Length of stay, work-relative value units, hospital-acquired infections.
There is no shortage of metrics—and their accompanying acronyms—that silo, summarize, and study whether hospitalists are doing their job. But perhaps the most ephemeral—and important—of those measurements is patient experience (PX).
That’s where SHM’s Patient Experience Special Interest Group steps in.
“Having been the medical director of a 40-clinician hospitalist team, I understood earlier on the pain points about how patient experience is perceived in a very negative light,” said SIG chair Swati Mehta, MD, FACP, CPXP, SFHM. “And understandably so, because of how it has been framed historically as being just a data point we need to move. It’s a number. It’s a metric, rather than the right thing to do. Historically, the frame of reference is not a thing I was a fan of, and I wanted to change it. I wanted to find a way to find best practices to network and to understand better than what’s just happening with my own site.
“My passion for patient experience comes from believing it’s the heart of healthcare,” said SIG vice chair Jennifer Colella, MD, FACP. “It’s greater than the sum of the parts. One bad experience can taint even the best efforts to provide sterling care. Patients are unique with different experiences, expectations, and needs. Patient experience is an integral part of patient satisfaction, loyalty, and success for the entire healthcare system.
“Continued capture of market share depends on academic excellence, state-of-the-art facilities, proven continuing advancement in patient outcomes, or mitigation of suffering. Commitment to patient and family support by exceptional people directly and indirectly involved in patient care is a must. There is no substitute for a cohesive team that puts the patient first and shows that they care holistically to make every hospital admission the most positive experience possible with efficient and effective appropriate disposition and follow-up. Meeting and exceeding expectations is a cornerstone of success for everyone.”
Dr. Swati, national director of quality and performance for patient experience at Vituity and chair of SHM’s Patient Experience Executive Council, says one of the challenges of improving patient experience is getting hospitalists and others to move beyond seeing it as ticking off a measurement box, and to focus on actually improving a patient’s experience in the hospital.
“For the nerds in us, most docs are science-driven, right? That’s why we went to med school,” she said. “We want to learn the data behind it. We want to know this is the right thing to do, and not just a metric.”
So Dr. Swati points to what she calls the “why behind it,” which has three main pillars.
First, she said, “When we compassionately sit down and communicate better with our patients, study after study has shown that patients adhere more to their medications, their clinical outcomes improve, and they come back less often for unnecessary readmissions, and they really take better care of themselves because they feel like their doc really cares for them.”
Second, a better patient experience makes for a better hospitalist experience.
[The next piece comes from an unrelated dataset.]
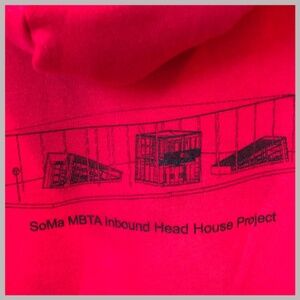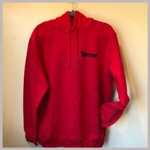 A red hooded pullover sweatshirt with a front pouch pocket and drawstring hood. Black silkscreen graphics on left chest and back of garment.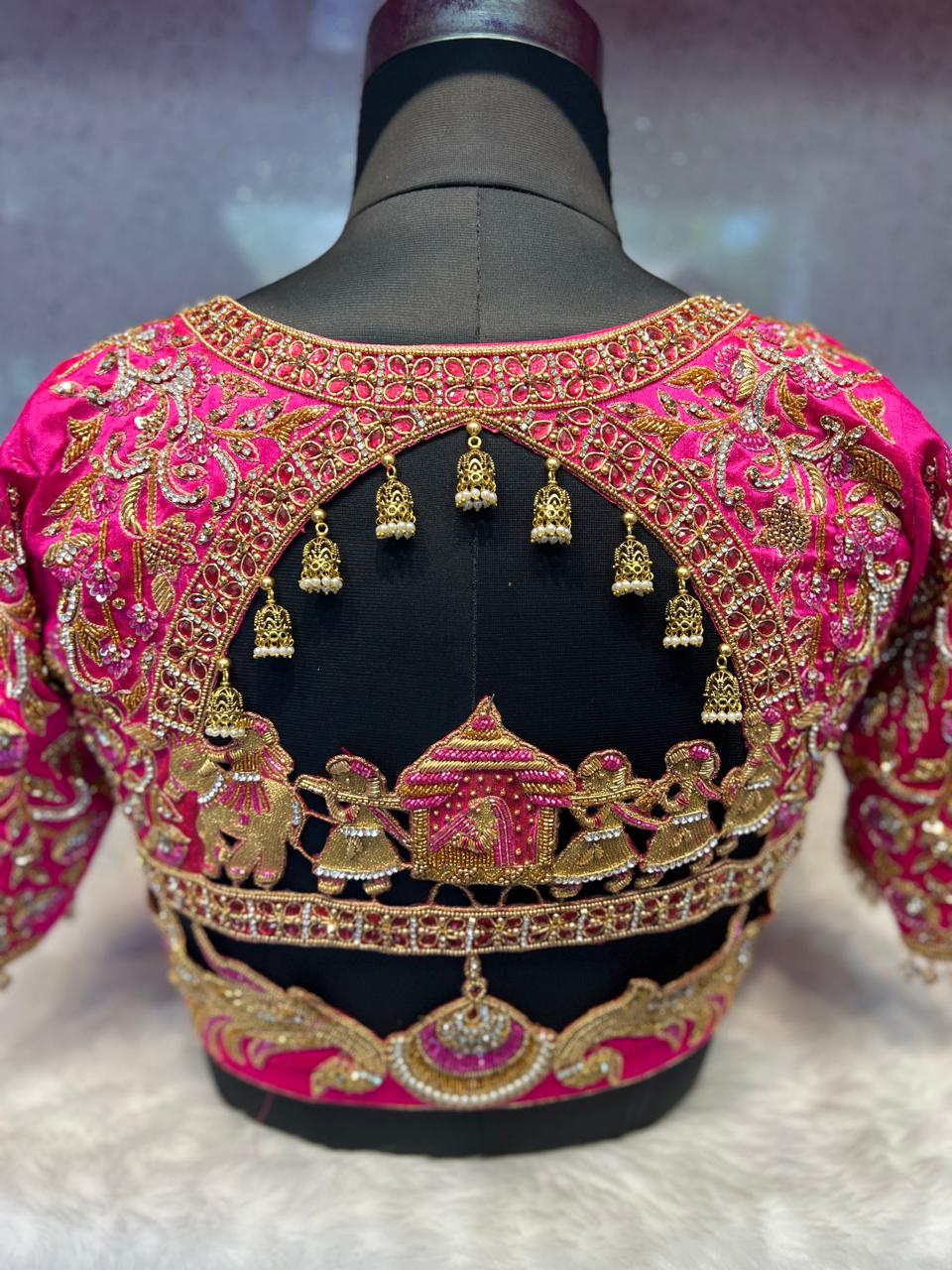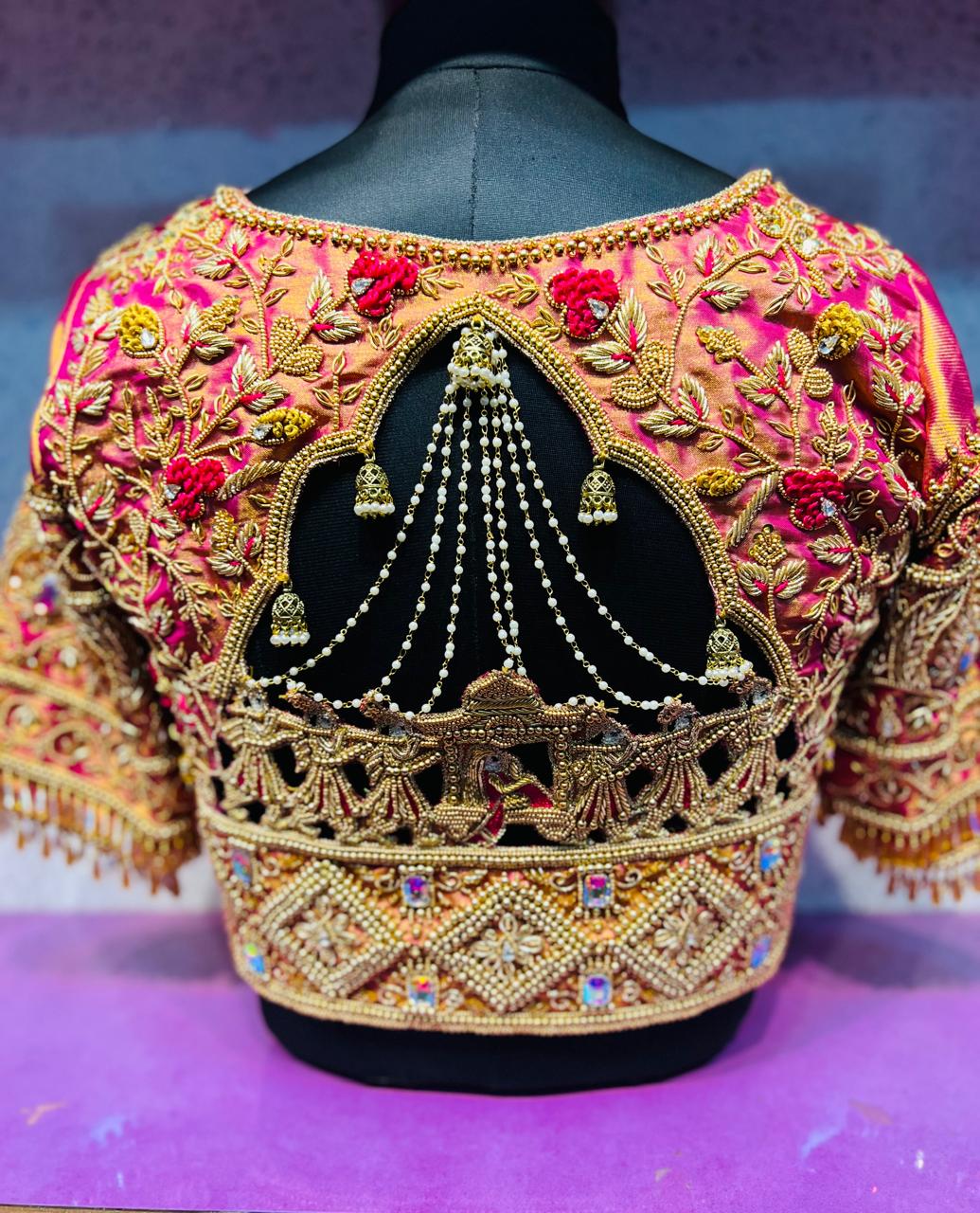 Exclusive bridal blouses crafted for your big day with detailed embellishments.

“Honestly, it’s a very selfish move to be selfless with patients and to really care for our patients,” Dr. Swati said. “We get a kick in our step after a good interaction. We feel good. We feel pumped even if we have five more admissions, we’ll take them on because we just had a good interaction. Knowing very well that the [reverse] is also true…poor interactions can really deflate us. This is the what and why for me.”
The third motivation is financial, personal, and professional.
“If you want to stay in the community you are in, if you don’t want to move, we need job stability, we need security, and we need to really think about not just our clinical role as a hospitalist, but how can I make sure my hospital’s doors are always open?” Dr. Swati said. “That’s all about patient loyalty. Patient’s word of mouth. They come back (and say) ‘Yes, I recommend this hospital,’ and we are going to thrive in our community.”
Dr. Colella, medical director of patient experience at Nebraska Medical Center in Omaha, says it would be “folly to trivialize any aspect of the patient’s experience.”
“Patient experience encompasses the totality of care,” she said. “It ties together all the components that go into a successful healthcare system from the patient’s perspective. You cannot have a first-class hospital system without patients recognizing the importance of every contact at every level over time. This includes everyone at our facility. Interpersonal relations are part of the patient’s experience, and all components are necessary. All healthcare is a continuum and continuous improvement based upon metrics that are deemed necessary and appropriate will be an ongoing endeavor.”
Dr. Swati boils patient experience down to the 6H model and the three Cs, which is what she highlights whenever she makes presentations on the topic: culture, connect, and correct. Building a team-based approach that values the patient’s experience, connecting with them to make them see that, and then correcting inevitable mistakes.
“Things are going to go south,” Dr. Swati said. “Patients will be in the room for too long. Patients will be waiting too long. They got the wrong medicine. Things will happen in life, just like in healthcare, but how do we correct issues? How do we apologize immediately? How do we do that recovery to gain the patient’s loyalty and forgiveness? If you focus on culture, connection, and correction, I think those are good standards to continue PX.”
Richard Quinn is a freelance writer in New Jersey.